Advent…those weeks leading up to Christmas are about both kinds of waiting.

When we get down at the state of affairs around the world and have seen one too many horrific scenes of man’s destructive power over his fellow man we are choosing to see God’s absence. We just want God to show up and make everything perfect again.

Caldwell says, on the other hand, advent is about ” choosing to see God’s almost presence. It’s about looking around at the state of the world, at the struggling schoolteachers and rich philanthropists doing the right things, at babies being born, and the love being made and the ancient stars shining bright as hope in the cold night sky. It’s about looking around at all of this, reading the signs, and knowing that everything, one day, in an instance, will change.”  
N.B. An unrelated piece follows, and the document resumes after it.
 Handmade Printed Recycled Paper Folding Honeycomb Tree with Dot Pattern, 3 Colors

“Advent is about standing mired in mud calling out “How much longer Lord?” But just as surely it’s about standing in the shining, shivering with delight and singing, “Come, Lord, come.” (All I Really Want…Readings for a Modern Christmas-Quinn Caldwell)

So until tomorrow…Let us spend our time looking for signs of God’s presence in our lives and not choosing to be blinded by some men’s interpretation of His absence.
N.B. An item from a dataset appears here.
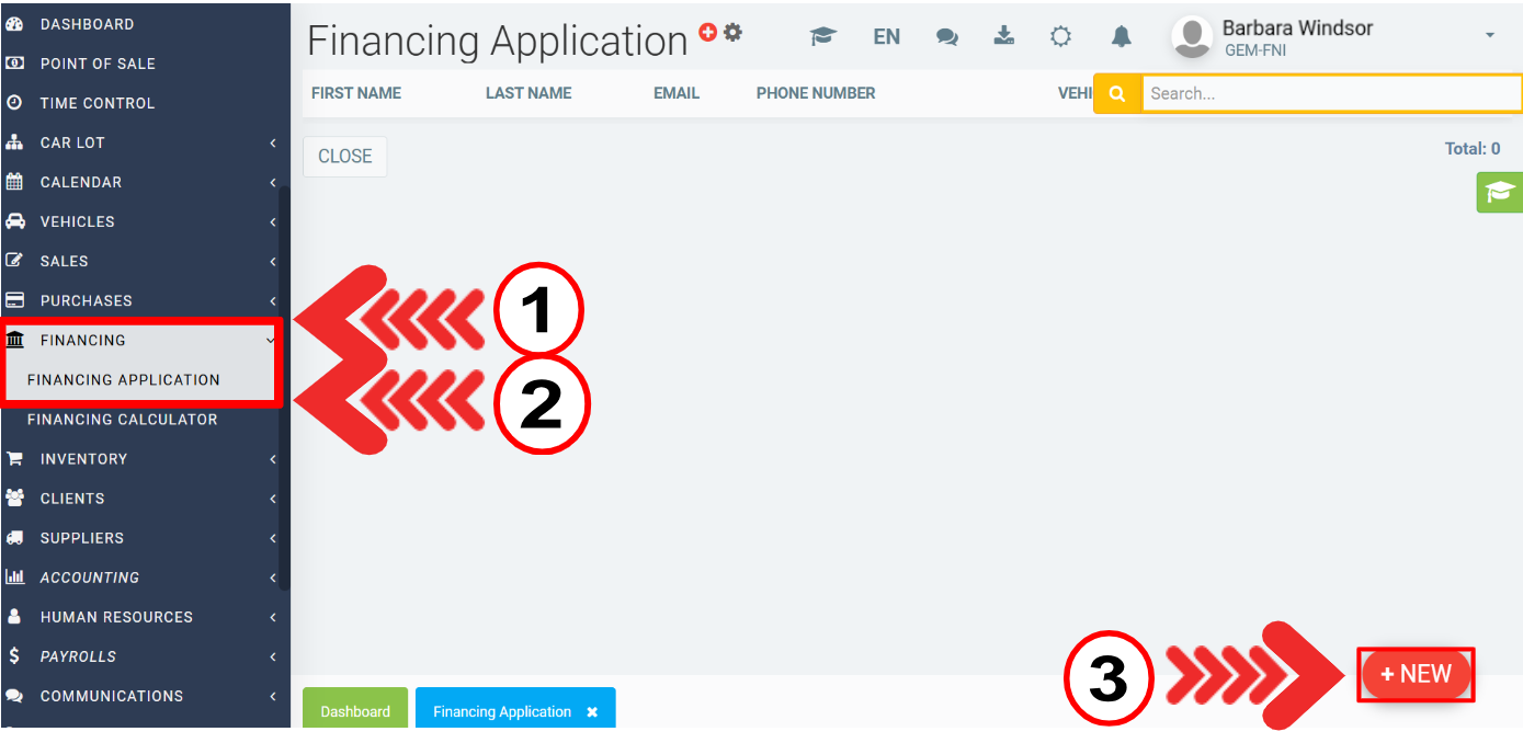 To generate a financing contract, click on the menu Financing > Financing application > +New.

“Today is my favorite day”  Winnie the Poo

A few weeks ago Cindy Ashley saw this charming little “rabbit” in a neighboring yard when visiting her granddaughter. She took the picture and sent me…besides being just plain cute…the colors work…red and green!

So on this first day of December, say “rabbit” and have a wonderful feel of Christmas in the air this month.

Some of you might remember that I surprise the little group of neighbors right around me each year with a December 1 surcie…usually a poinsettia but this year it changed. I found these adorable deer at such a fantastic sale price….(For once I was at the exact right place at the right time)…. a Christmas Neighbor Gift this year…or as I put on the card…“You’ve Been  Jingled.” “Have a “Deer” December!”

 

 

 

About Becky Dingle

I was born a Tarheel but ended up a Sandlapper. My grandparents were cotton farmers in Laurens, South Carolina and it was in my grandmother’s house that my love of storytelling began beside an old Franklin stove. When I graduated from Laurens High School, I attended Erskine College (Due West of what?) and would later get my Masters Degree in Education/Social Studies from Charleston Southern. I am presently an adjunct professor/clinical supervisor at CSU and have also taught at the College of Charleston. For 28 years I taught Social Studies through storytelling. My philosophy matched Rudyard Kipling’s quote: “If history were taught in the form of stories, it would never be forgotten.” Today I still spread this message through workshops and presentations throughout the state. The secret of success in teaching social studies is always in the story. I want to keep learning and being surprised by life…it is the greatest teacher. Like Kermit said, “When you’re green you grow, when you’re ripe you rot.”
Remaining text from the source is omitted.